___ SUPPLIED MATERIAL ___
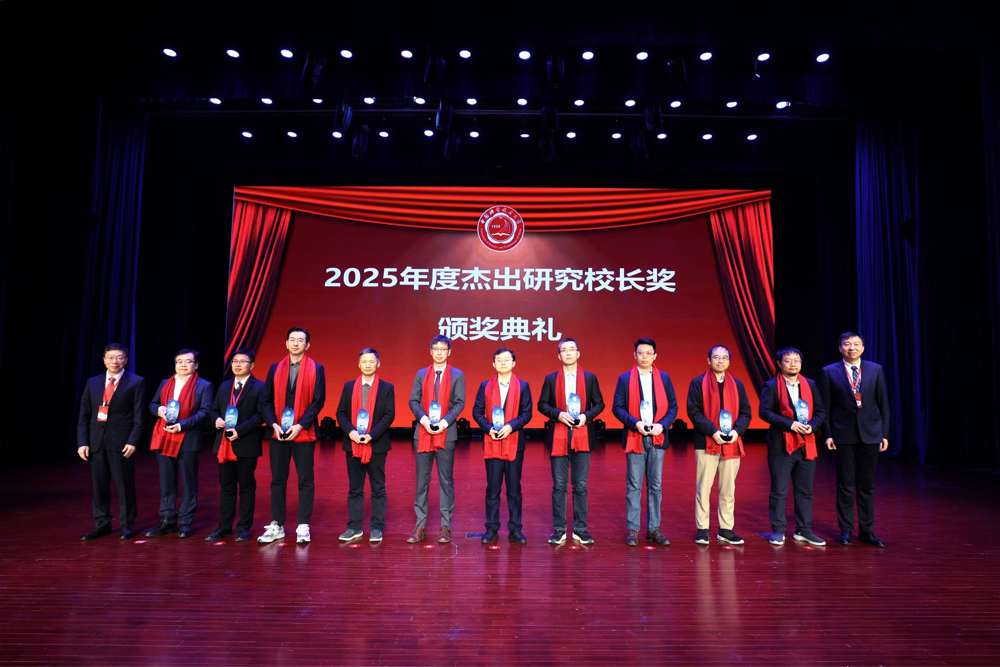 会上,党委常委、副校长傅尧宣读2025年度杰出研究校长奖表彰决定,宇宙大尺度结构团队、微尺度集成影像中心团队、超导量子计算研究团队、双极膜重水解离制备氘代化学品团队,金刚石量子器件与应用研究团队、行星内部物理团队、量子微纳卫星研究团队、孙成特任教授、路军岭教授和武晓君教授、肖正国教授因在科技创新活动中作出重大成果获得表彰。舒歌群、常进共同为获奖团队、获奖者颁奖。
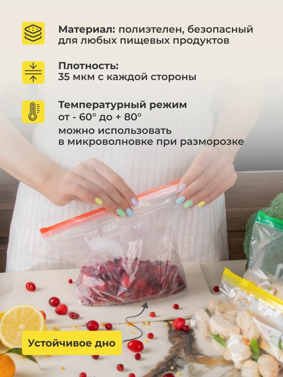 Пакеты-слайдеры для заморозки и хранения продуктов 2 литра, 35мкм,30шт/упак. интересное:
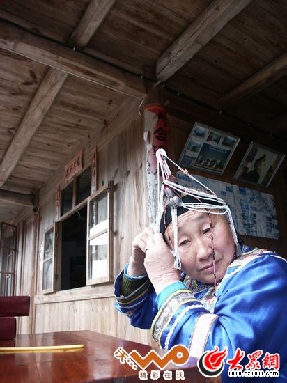 藍大媽頭上戴的是畬族傳統的銀飾鳳頭冠,據藍大媽講,這套頭飾到她為止已經傳了四代。
___
**BRIEF**.
Exactly as written, restate the lines above from the opening line through the one holding "Пакеты-слайдеры для заморозки", omitting the pictures.

**ANSWER SECTION**.
 会上,党委常委、副校长傅尧宣读2025年度杰出研究校长奖表彰决定,宇宙大尺度结构团队、微尺度集成影像中心团队、超导量子计算研究团队、双极膜重水解离制备氘代化学品团队,金刚石量子器件与应用研究团队、行星内部物理团队、量子微纳卫星研究团队、孙成特任教授、路军岭教授和武晓君教授、肖正国教授因在科技创新活动中作出重大成果获得表彰。舒歌群、常进共同为获奖团队、获奖者颁奖。
 Пакеты-слайдеры для заморозки и хранения продуктов 2 литра, 35мкм,30шт/упак. интересное:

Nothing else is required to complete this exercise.